Problem to work on
No pictures belong in the copy. Set down exactly the lines from the one that contains "Camisa de corte" through the end of the data.

[Collection entries]
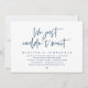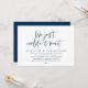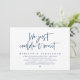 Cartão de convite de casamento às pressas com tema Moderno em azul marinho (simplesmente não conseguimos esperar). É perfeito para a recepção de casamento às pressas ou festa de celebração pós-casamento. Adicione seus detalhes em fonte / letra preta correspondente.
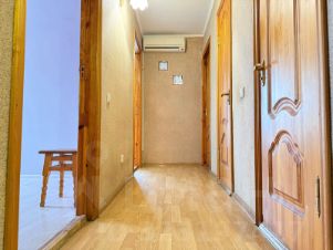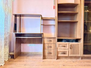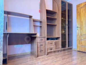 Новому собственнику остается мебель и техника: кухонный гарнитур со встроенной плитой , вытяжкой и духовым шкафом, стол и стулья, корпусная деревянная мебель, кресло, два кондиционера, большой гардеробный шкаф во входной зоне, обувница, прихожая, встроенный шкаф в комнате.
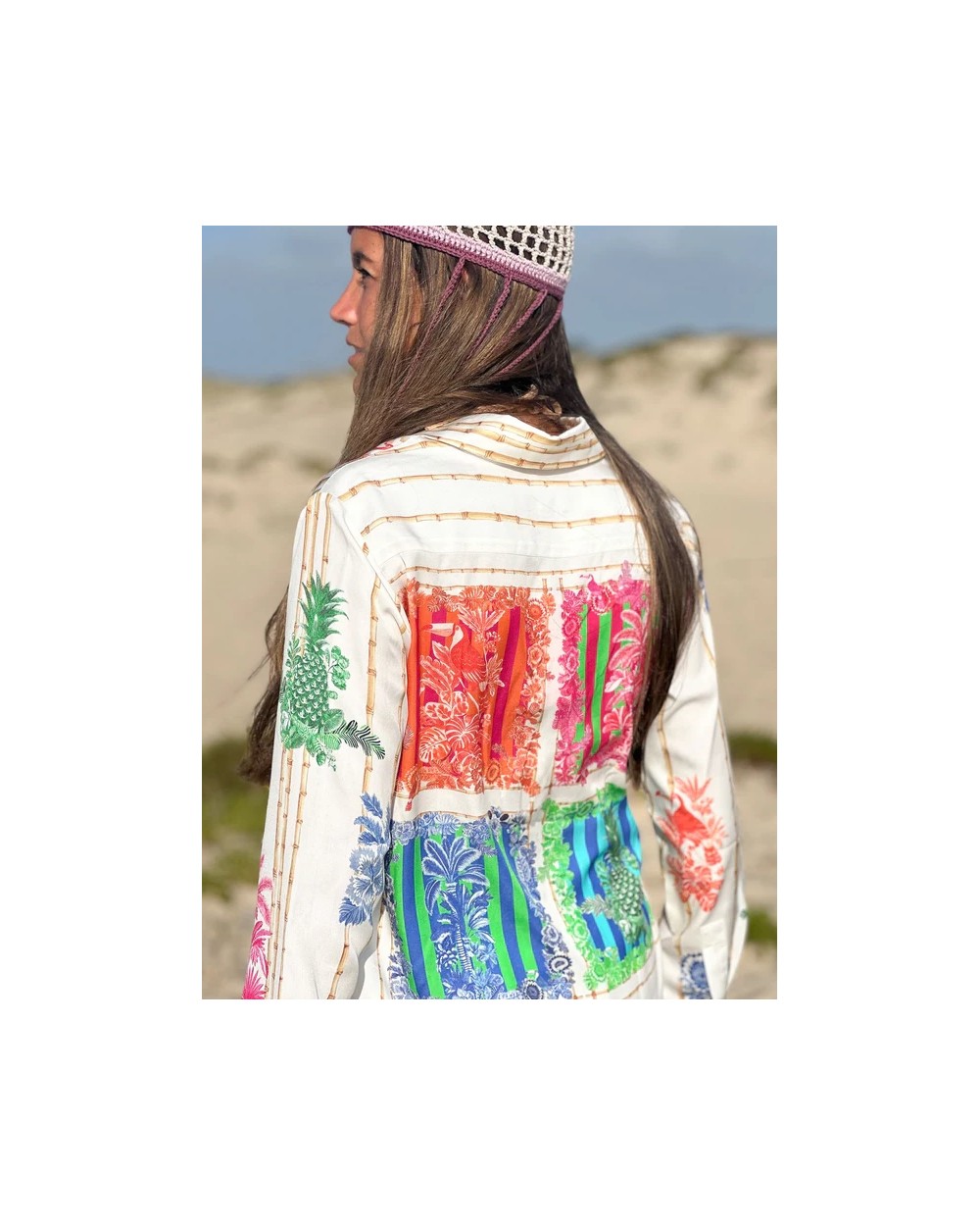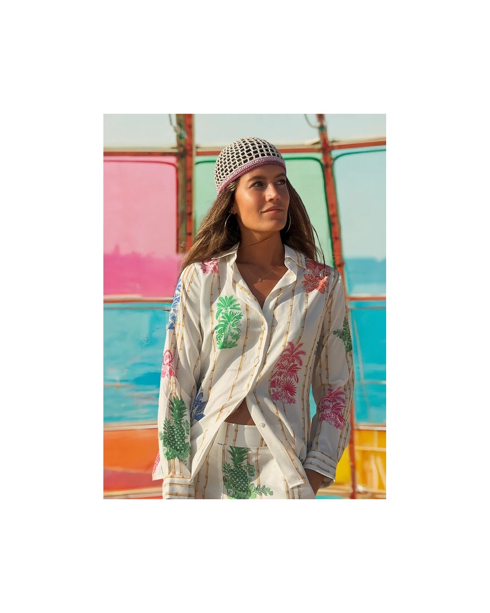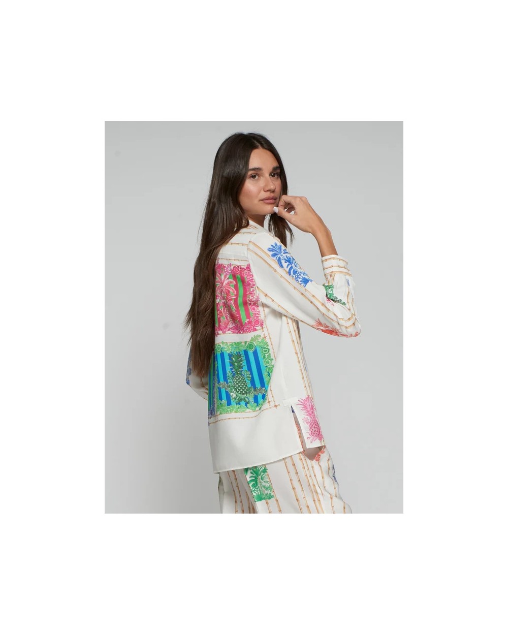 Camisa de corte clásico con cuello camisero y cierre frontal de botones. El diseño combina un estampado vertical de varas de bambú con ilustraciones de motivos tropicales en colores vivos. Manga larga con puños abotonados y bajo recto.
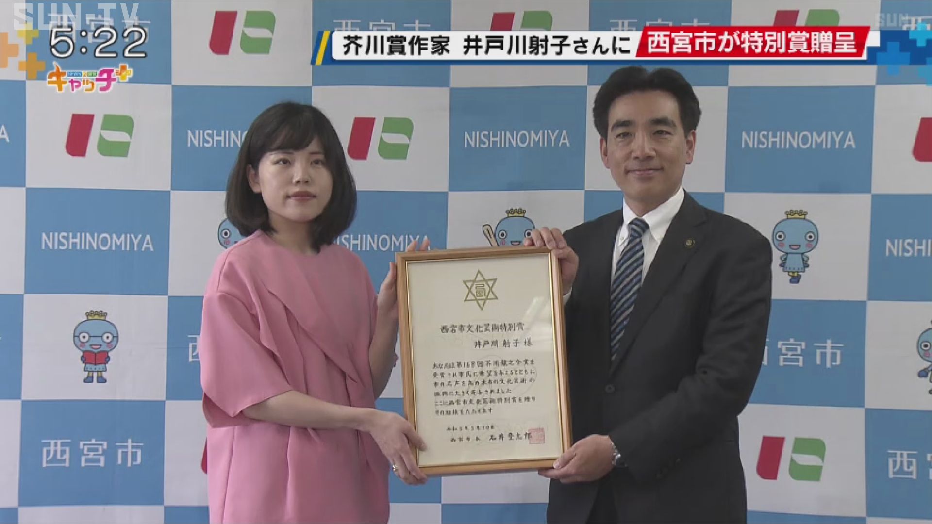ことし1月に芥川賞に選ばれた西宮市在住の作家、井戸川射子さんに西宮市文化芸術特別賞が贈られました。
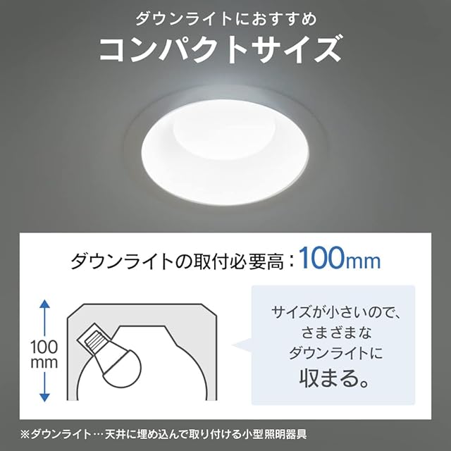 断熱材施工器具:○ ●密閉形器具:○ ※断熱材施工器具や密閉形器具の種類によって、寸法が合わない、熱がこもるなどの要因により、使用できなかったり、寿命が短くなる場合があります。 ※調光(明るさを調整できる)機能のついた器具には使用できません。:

Your solution
 Camisa de corte clásico con cuello camisero y cierre frontal de botones. El diseño combina un estampado vertical de varas de bambú con ilustraciones de motivos tropicales en colores vivos. Manga larga con puños abotonados y bajo recto.
ことし1月に芥川賞に選ばれた西宮市在住の作家、井戸川射子さんに西宮市文化芸術特別賞が贈られました。
 断熱材施工器具:○ ●密閉形器具:○ ※断熱材施工器具や密閉形器具の種類によって、寸法が合わない、熱がこもるなどの要因により、使用できなかったり、寿命が短くなる場合があります。 ※調光(明るさを調整できる)機能のついた器具には使用できません。:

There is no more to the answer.